• _Problem description_
Every line of the material that includes the word "можно" is to be shown.

• _Provided records_

════════════════════

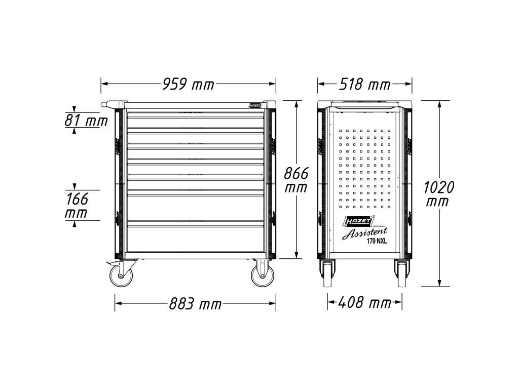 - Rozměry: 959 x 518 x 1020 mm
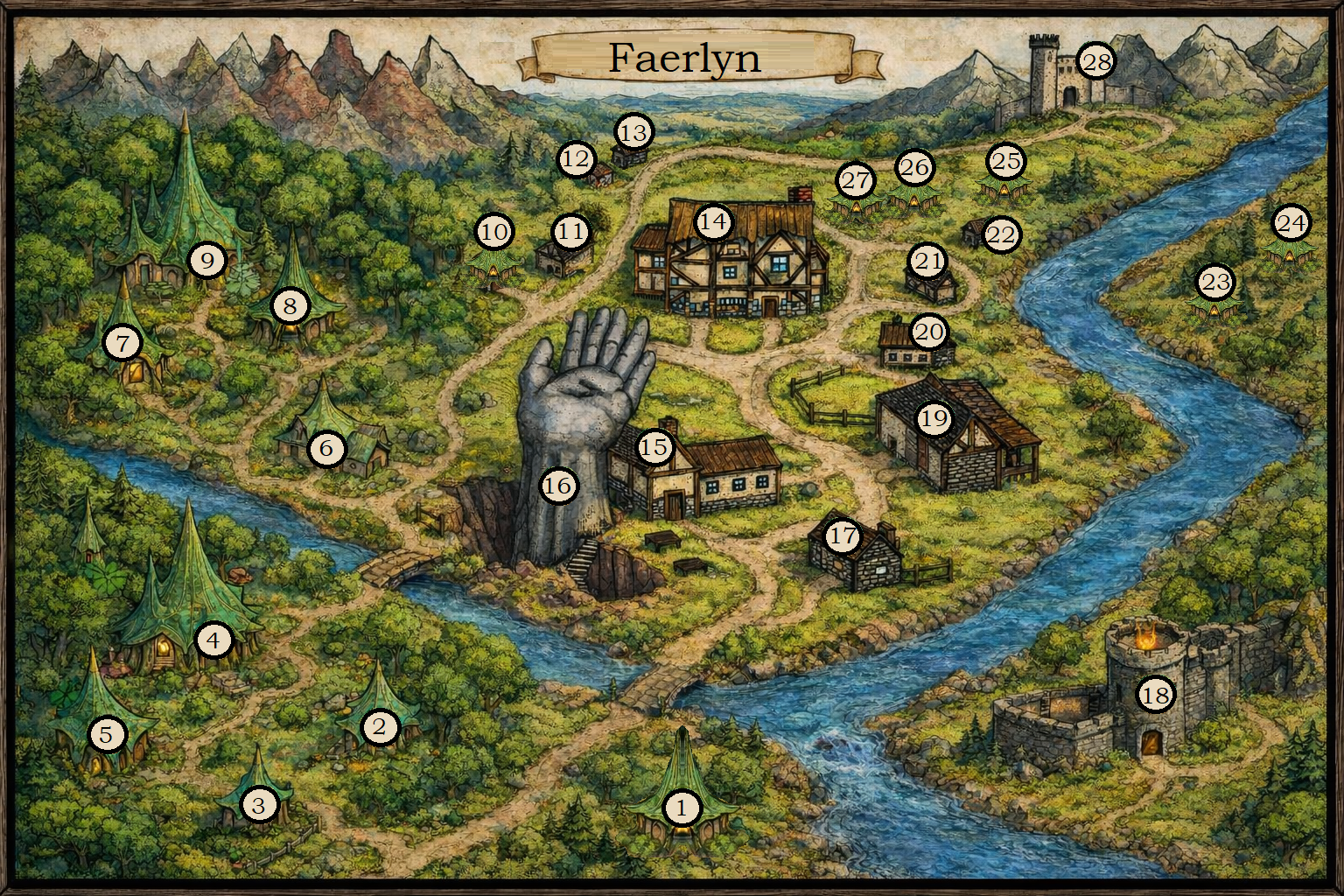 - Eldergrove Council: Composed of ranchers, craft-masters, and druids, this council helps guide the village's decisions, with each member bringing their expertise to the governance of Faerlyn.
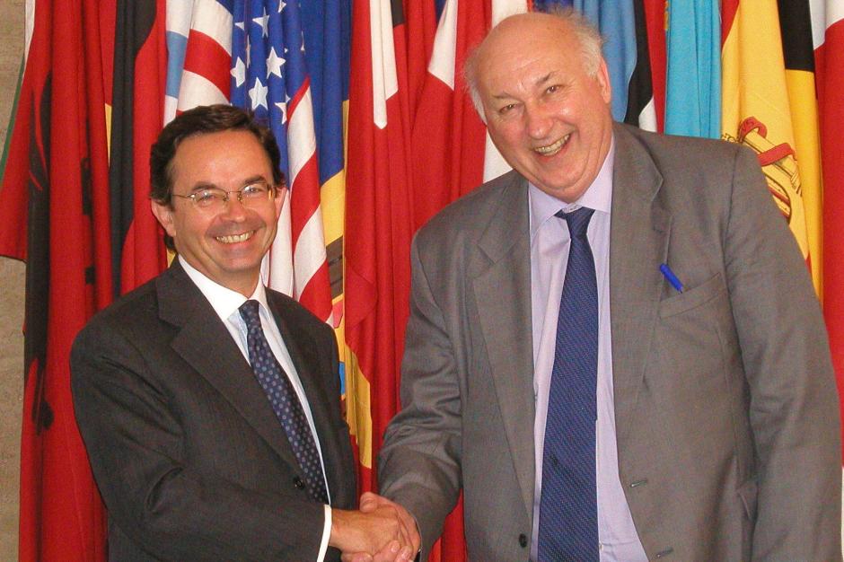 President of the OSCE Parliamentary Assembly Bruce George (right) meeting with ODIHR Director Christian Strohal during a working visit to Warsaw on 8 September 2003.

════════════════════

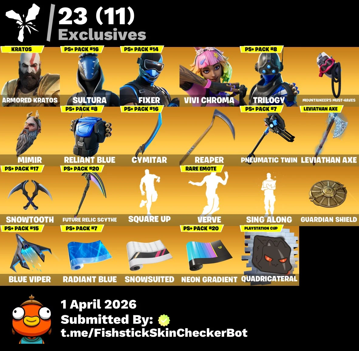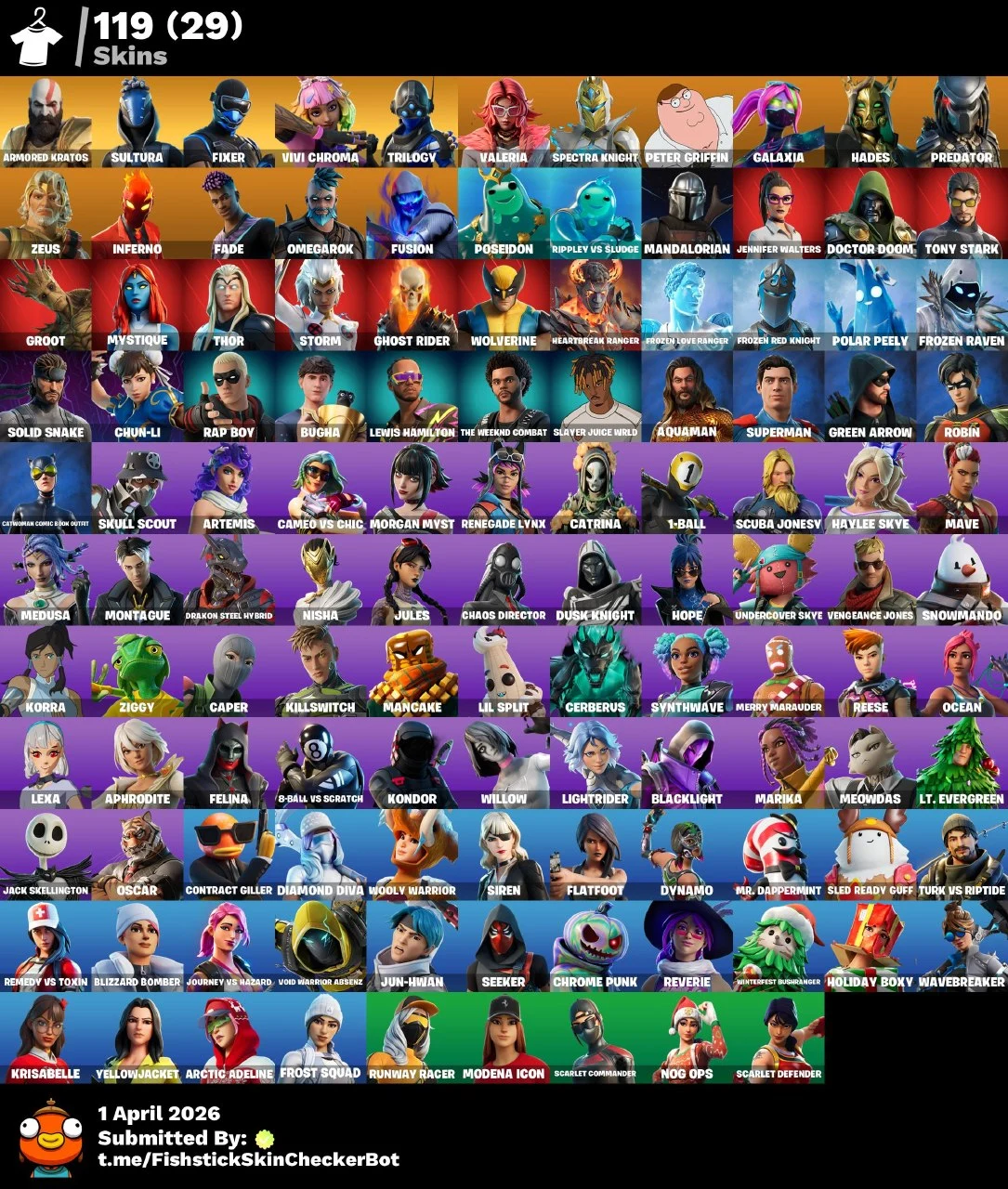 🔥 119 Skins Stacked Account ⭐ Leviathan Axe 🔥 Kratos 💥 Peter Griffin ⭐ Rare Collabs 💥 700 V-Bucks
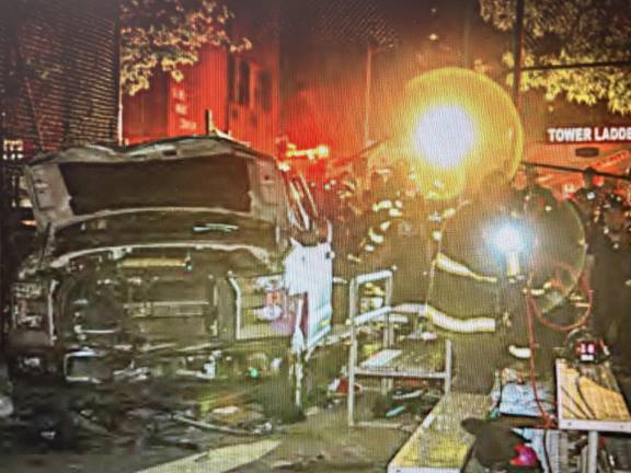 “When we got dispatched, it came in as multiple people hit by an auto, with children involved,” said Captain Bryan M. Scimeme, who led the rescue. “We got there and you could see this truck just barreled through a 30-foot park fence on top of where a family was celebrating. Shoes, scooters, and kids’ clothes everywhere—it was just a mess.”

════════════════════

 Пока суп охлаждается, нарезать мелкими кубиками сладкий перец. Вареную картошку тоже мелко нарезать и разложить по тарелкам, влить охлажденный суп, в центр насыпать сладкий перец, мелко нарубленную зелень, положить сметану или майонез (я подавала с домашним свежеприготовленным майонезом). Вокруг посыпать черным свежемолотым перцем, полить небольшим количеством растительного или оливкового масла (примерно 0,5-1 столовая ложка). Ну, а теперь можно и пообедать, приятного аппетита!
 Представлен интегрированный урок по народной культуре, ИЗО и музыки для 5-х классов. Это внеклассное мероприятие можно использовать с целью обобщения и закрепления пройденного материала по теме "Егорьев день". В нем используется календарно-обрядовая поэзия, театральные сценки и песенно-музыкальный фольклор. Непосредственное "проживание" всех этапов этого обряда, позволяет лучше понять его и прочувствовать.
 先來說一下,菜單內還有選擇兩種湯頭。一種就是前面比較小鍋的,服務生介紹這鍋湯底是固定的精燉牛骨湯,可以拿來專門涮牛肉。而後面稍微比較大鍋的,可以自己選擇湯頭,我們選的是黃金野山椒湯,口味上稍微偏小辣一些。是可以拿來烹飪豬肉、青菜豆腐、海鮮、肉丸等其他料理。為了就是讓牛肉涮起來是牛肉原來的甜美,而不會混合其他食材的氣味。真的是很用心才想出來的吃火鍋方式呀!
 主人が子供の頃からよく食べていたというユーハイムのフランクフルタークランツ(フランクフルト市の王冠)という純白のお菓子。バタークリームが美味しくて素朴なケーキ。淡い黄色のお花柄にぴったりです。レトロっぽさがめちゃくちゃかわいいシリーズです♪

════════════════════

• _Task result_
 Пока суп охлаждается, нарезать мелкими кубиками сладкий перец. Вареную картошку тоже мелко нарезать и разложить по тарелкам, влить охлажденный суп, в центр насыпать сладкий перец, мелко нарубленную зелень, положить сметану или майонез (я подавала с домашним свежеприготовленным майонезом). Вокруг посыпать черным свежемолотым перцем, полить небольшим количеством растительного или оливкового масла (примерно 0,5-1 столовая ложка). Ну, а теперь можно и пообедать, приятного аппетита!
 Представлен интегрированный урок по народной культуре, ИЗО и музыки для 5-х классов. Это внеклассное мероприятие можно использовать с целью обобщения и закрепления пройденного материала по теме "Егорьев день". В нем используется календарно-обрядовая поэзия, театральные сценки и песенно-музыкальный фольклор. Непосредственное "проживание" всех этапов этого обряда, позволяет лучше понять его и прочувствовать.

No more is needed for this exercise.